From the listing below, retype exactly the line holding "The Sheriffs forcibly", the line holding "车尾部分,和坦克400车型一", and the lines between them; skip everything else.

**Information provided**
====

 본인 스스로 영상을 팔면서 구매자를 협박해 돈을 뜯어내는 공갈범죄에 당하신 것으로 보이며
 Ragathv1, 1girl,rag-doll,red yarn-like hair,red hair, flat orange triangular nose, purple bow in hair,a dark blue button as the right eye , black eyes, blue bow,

====

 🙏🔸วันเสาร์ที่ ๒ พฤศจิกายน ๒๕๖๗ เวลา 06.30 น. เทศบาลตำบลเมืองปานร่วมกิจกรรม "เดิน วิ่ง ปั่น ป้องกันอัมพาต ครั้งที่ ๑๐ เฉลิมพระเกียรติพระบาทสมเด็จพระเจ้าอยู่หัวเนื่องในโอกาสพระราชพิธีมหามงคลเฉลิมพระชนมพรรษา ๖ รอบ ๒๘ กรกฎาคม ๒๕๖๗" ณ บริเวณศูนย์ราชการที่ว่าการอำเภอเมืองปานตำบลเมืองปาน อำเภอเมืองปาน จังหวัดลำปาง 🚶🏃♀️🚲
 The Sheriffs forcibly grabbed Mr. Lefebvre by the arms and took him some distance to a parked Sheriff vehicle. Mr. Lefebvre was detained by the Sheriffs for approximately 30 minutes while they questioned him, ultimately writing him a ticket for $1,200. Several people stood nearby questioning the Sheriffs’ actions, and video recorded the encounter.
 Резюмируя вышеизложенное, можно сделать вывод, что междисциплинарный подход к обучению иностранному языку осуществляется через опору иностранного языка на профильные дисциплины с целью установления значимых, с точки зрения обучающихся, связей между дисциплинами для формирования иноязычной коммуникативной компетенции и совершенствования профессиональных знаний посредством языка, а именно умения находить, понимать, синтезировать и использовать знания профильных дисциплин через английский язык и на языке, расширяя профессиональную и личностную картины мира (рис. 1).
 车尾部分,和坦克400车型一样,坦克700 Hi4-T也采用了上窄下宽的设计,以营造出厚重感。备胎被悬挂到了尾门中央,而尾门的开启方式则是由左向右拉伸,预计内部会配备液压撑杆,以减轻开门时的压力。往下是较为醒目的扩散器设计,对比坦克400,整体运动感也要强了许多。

====

**Answer box**
 The Sheriffs forcibly grabbed Mr. Lefebvre by the arms and took him some distance to a parked Sheriff vehicle. Mr. Lefebvre was detained by the Sheriffs for approximately 30 minutes while they questioned him, ultimately writing him a ticket for $1,200. Several people stood nearby questioning the Sheriffs’ actions, and video recorded the encounter.
 Резюмируя вышеизложенное, можно сделать вывод, что междисциплинарный подход к обучению иностранному языку осуществляется через опору иностранного языка на профильные дисциплины с целью установления значимых, с точки зрения обучающихся, связей между дисциплинами для формирования иноязычной коммуникативной компетенции и совершенствования профессиональных знаний посредством языка, а именно умения находить, понимать, синтезировать и использовать знания профильных дисциплин через английский язык и на языке, расширяя профессиональную и личностную картины мира (рис. 1).
 车尾部分,和坦克400车型一样,坦克700 Hi4-T也采用了上窄下宽的设计,以营造出厚重感。备胎被悬挂到了尾门中央,而尾门的开启方式则是由左向右拉伸,预计内部会配备液压撑杆,以减轻开门时的压力。往下是较为醒目的扩散器设计,对比坦克400,整体运动感也要强了许多。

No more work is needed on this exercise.